Le parole del padre riecheggiavano nella stanza, ma Artem non si lasciò spezzare. Aveva preso la sua decisione. Nonostante la ricchezza, nonostante il prestigio, il suo cuore era con Angela. Lei portava in grembo i suoi figli, e lui non l’avrebbe abbandonata, per quanto suo padre provasse a dissuaderlo.

«La amo, papà», sussurrò Artem, con una quieta convinzione. «E le starò accanto, qualunque cosa accada.»

Tre anni dopo

Erano passati tre anni da quel giorno fatidico. Artem e Angela avevano costruito una vita insieme, crescendo i loro trigemini con amore e dedizione nella loro piccola, umile casa. Le loro giornate erano piene di risate, difficoltà e momenti bellissimi che il denaro non avrebbe mai potuto comprare. Artem aveva lasciato alle spalle la vita sfarzosa che suo padre gli aveva promesso, scegliendo invece una vita ricca d’amore e di gioia, ma forse non di ricchezza.

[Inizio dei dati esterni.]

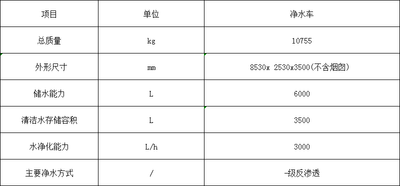 移动净水车又叫净水车,也叫车载式(移动)水处理设备。净水车是由二类底盘加净水车专用大厢,锅炉仓,净水仓,水箱,开水加热系统,照明系统,供水加压系统,排水系统组成。采用反渗透技术制做净化饮用水。净水车是为消防队伍野外执行任务、扑救重特大火灾和抢险救援任务提供饮用水保障的需要而开发研制的一种机动、能把野外较差水源净化为可直接饮用的净水的车辆装备.是一种移动方便,灵活,独立的净水系统。能够对江、河、湖、塘等地面水、地下水和海水、苦咸水进行处理,达到生活用水标准。移动净水车被广泛应用于地震、洪水等自然灾害及战时临时供水。净水车的应用范围:军队作战,部队野外作业、部队战地演习、战地医院; 地震、洪灾、泥石流等自然灾害发生时应急供水; 其他突发情况的应急供水。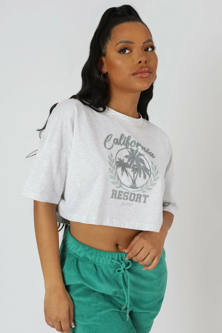 A SUPER CROPPED T-SHIRT IN OATMEAL MARL WITH CALIFORNIA RESORT PRINTED ON THE FRONT

Un giorno, Vladimir Timofeevič — dopo tutti quegli anni di silenzio — arrivò alla loro porta, con un sorriso titubante agli angoli delle labbra. Era venuto per deridere la vita che suo figlio aveva scelto, per canzonarlo per la decisione di vivere con una ragazza di campagna e crescere tre bambini. Ma ciò che vide lo lasciò senza fiato.

Lì, in quella casa modesta, c’era una famiglia — unita, forte e colma di calore. I bambini giocavano ai piedi di Artem, e gli occhi di Angela brillavano di un amore e di un orgoglio che il denaro non può comprare. E Artem, al suo fianco, appariva più felice che mai. Era una vita che suo padre non avrebbe mai immaginato, ma per loro era tutto.

Vladimir Timofeevič rimase lì, sbalordito, mentre la consapevolezza lo pervadeva. Suo figlio aveva trovato qualcosa che non si può acquistare. L’amore. La famiglia. E quel tipo di felicità che non si misura con la ricchezza o lo status.

E in quel momento, guardando suo figlio e la sua famiglia, capì che, nonostante tutto ciò che aveva detto, si era sbagliato. Suo figlio aveva scelto una vita colma di qualcosa infinitamente più prezioso del denaro — una vita piena d’amore e della promessa di un futuro costruito secondo i propri termini.